A useful modern way to say the missing half is:
- Some structure exists “in principle”, but it is not accessible under a realistic compute budget.
- A good reformulation or decomposition can make the same structure cheap enough to exploit.
This is the intuition behind “information for bounded agents” proposals such as epiplexity. One way to summarize the idea is: separate the part of a dataset that can be turned into a shorter program by a bounded learner (structure) from the part that remains unpredictable under the same budget (time-bounded entropy). The moral is stable: compute budgets change what counts as usable structure.
Tree search versus propagation on a decomposed graph
This is a deep reason tactics work. A tactic is often a move that:
- reduces degrees of freedom (shrinks $H$),
- increases locality (makes refuters informative),
- and converts branching into propagation.
Canonicalizers and quotients (remove redundant degrees of freedom)
Decomposition is not the only way to shrink a search. Another common move is to notice that many candidates are “the same thing” in disguise.

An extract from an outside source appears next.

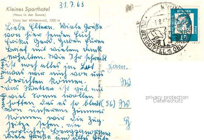 73833995 alte Postkarte Klais Kleines Sporthotel Gaststaette postalisch gelaufen Erhaltung siehe scans [WerneD78] KatCode: 11110009180122

This starts with an equivalence relation $\sim$ that captures “same meaning” for the purpose at hand. For example:
- In lambda calculus, many terms differ only by renaming bound variables (alpha-equivalence).
- In a state space, many states differ only by a symmetry (renaming IDs, permuting identical components).
Toy example: suppose two identical servers hold one job total. The states (server_a=1, server_b=0) and (server_a=0, server_b=1) are different raw states if the labels matter, but the same state for a load-balancing question where the servers are interchangeable. Searching both gives twice the paperwork and zero new information.
A canonicalizer is a function $\mathrm{can} : X \to X$ that picks a representative for each equivalence class. One clean specification is:
\[\forall x.\; \mathrm{can}(x) \sim x \quad\land\quad \forall x,y.\; \bigl(\mathrm{can}(x) = \mathrm{can}(y)\bigr) \leftrightarrow (x \sim y)\]The first clause says the representative preserves meaning. The second clause says representatives are unique per class. It implies an idempotence property, $\mathrm{can}(\mathrm{can}(x)) = \mathrm{can}(x)$.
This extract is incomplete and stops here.